Memory care in Florida
Florida requires assisted living communities holding themselves out as providing specialty care for Alzheimer's disease or other related disorders to obtain a Limited Mental Health, Extended Congregate Care, or Limited Nursing Services license endorsement, plus staff dementia training under section 429.178, Florida Statutes.
Source: official memory care rule reference.
Hospice licensure in Florida
Florida requires a state hospice license through AHCA, and the state controls supply through a Certificate of Need (CON) program that limits the number of hospices licensed in each service area.
Source: state hospice licensure reference.
The Long-Term Care Ombudsman in Florida
The Florida Long-Term Care Ombudsman Program is the right first call for many family concerns about resident rights. The ombudsman office is independent of the survey agency and supports residents and their families through complaint processes when the issue is dignity, autonomy, or quality of life rather than a clinical or regulatory matter.
Phone coverage and admissions in Florida senior care
Senior care admissions live on the phone, and Florida's regulatory framework adds specific reasons that phone responsiveness matters to the community itself. State surveyors, ombudsman investigators, hospital discharge planners, and adult protective services workers all reach communities through their general intake line. A missed call from any of those callers, especially during a complaint investigation window, is a meaningful operational risk. See the senior living hub for how Jonson is built around senior admissions workflows.
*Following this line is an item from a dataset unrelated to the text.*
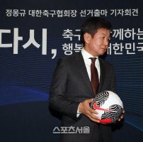 대한축구협회 정몽규 회장이 19일 서울 종로구 포니정재단빌딩에서 제 55대 대한축구협회장 선거 출마 기자회견을 하고 있다. 2024. 12. 19.박진업 기자 upandup@sportsseoul.com

Frequently asked questions about Florida senior care regulations
What is the difference between standard ALF and ECC licensure in Florida?
A standard Assisted Living Facility license covers residents who do not need ongoing nursing services. Extended Congregate Care (ECC) is an endorsement that allows the community to retain residents who need more nursing oversight than a standard ALF can provide, including some terminal care.
Does Florida require a separate memory care license?
Florida does not issue a separate memory care license. Communities marketing as memory care must obtain an LMH, ECC, or LNS endorsement on top of the base ALF license and meet section 429.178 staff dementia training requirements.
What is the Florida Certificate of Need (CON) program for hospice?
Florida limits the number of licensed hospices per service area through a Certificate of Need process. A new hospice cannot enter a Florida service area without a CON approval, regardless of Medicare certification status.
How does Florida handle hurricane emergency preparedness for senior communities?
After Hurricane Irma, Florida tightened emergency preparedness rules for nursing homes and ALFs, including generator and ambient-temperature requirements under emergency rule 59A-4 and 59A-36, Florida Administrative Code. Surveyors check these provisions every year before hurricane season.
Sources and official references
- AHCA Nursing Homes
- AHCA Assisted Living
- Florida Long-Term Care Ombudsman
- AHCA Hospice
- CMS Medicare.gov Care Compare
This page summarizes commonly-referenced Florida senior care regulatory requirements as of 2026. It is not legal or clinical advice. Verify every detail directly with the relevant state agency and consult counsel for legal questions specific to a community. The ombudsman office is the right first call when the concern is resident rights rather than clinical care.